I have no clue how to introduce rational discussion into political discourse, and that seems to be the major problem with the political system of today.
I too saw this on TDS last night, and I laughed to stop myself from crying. A drug dealer that has a pound or two of dope($2-5k) goes to prison, and institutions defrauding the entire country for billions, gets trillions more. I cannot wrap my tiny primate brain around that.
Richard Bronson, who was on Colbert Report last night, made a great point about companies needing to be responsible, and how Virgin reinvests its profits into new ventures and technology. This only works because the principal agent of Virgin, Sir Rich, doesn't want more money, but there has to be a way to create incentives for long term investment for ordinary corporations.

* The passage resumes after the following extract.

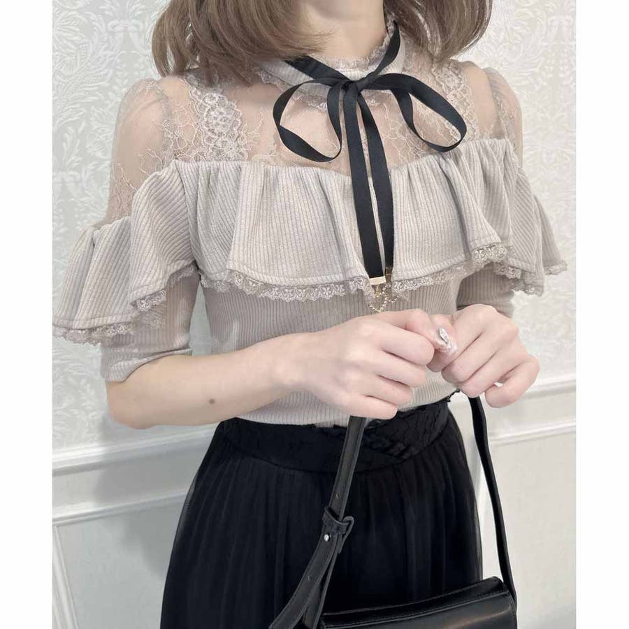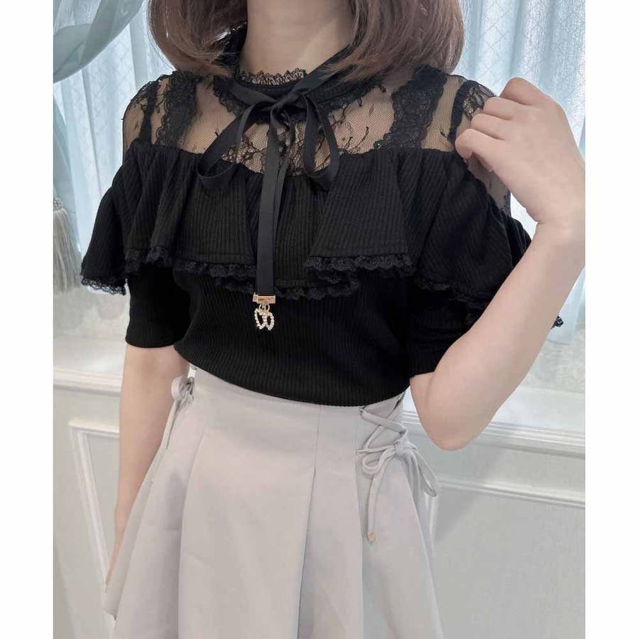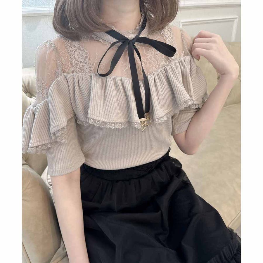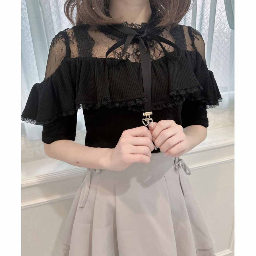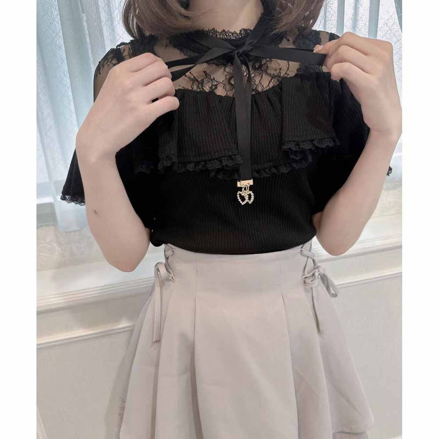 取り外し可能なリボンがついた着心地のいいテレコトップスのお目見えです。リボンの先に付いた小さなハートのビジュがきらきら♡身頃はコンパクトに設計され、ラッフルフリルが体型をカモフラージュしてくれます。レーシーなデコルテ部分が可愛いポイント♪

Until people can talk calmly, with a solution in sight, corporate greed will continue to win out by default.
There is. The problem is:
Concentrated money can buy marketing and publicity that overwhelms other things in the marketplace of opinion. Bad policies outsell good policies because of it.
Consider this election, where a 'rational discussion' might see a lot of merit to, say, John Huntsman over a Romney or Gingrich (or Cain).
But the money publicizes the others enough that they get the votes. It doesn't really matter 'how good' Huntsman is.
On the Democratic side, it's not a coincidence that Obama was the annointed one of Wall Street last election, his biggest private donor Goldman Sachs.
Howard Dean didn't get that kind of support in 2004. Didn't go well.
The way it's supposed to work more is that the people prefer better policies and elect people who pass regulations that create the incentives you mention.
But it doesn't happen when money dedicated to special interests dominates the elections.
We have whole industries around propaganda (think tanks, commentators) and media (Fox News being the most obvious) and it's a multi-billion dollar industry.
This is not the democracy our founding fathers were trying to make.
It's more the undoing of democracy, defeating the people getting what's in their interest, while preserving the facade of democracy.
And not to exaggerate, it's not just a facade - things could be a lot worse, there are still some democratic pressures on policies, the people still have some representation.
But Branson is not a solution, he's an anolomy, someone who bucks the system, which is nice but won't help the larger issues.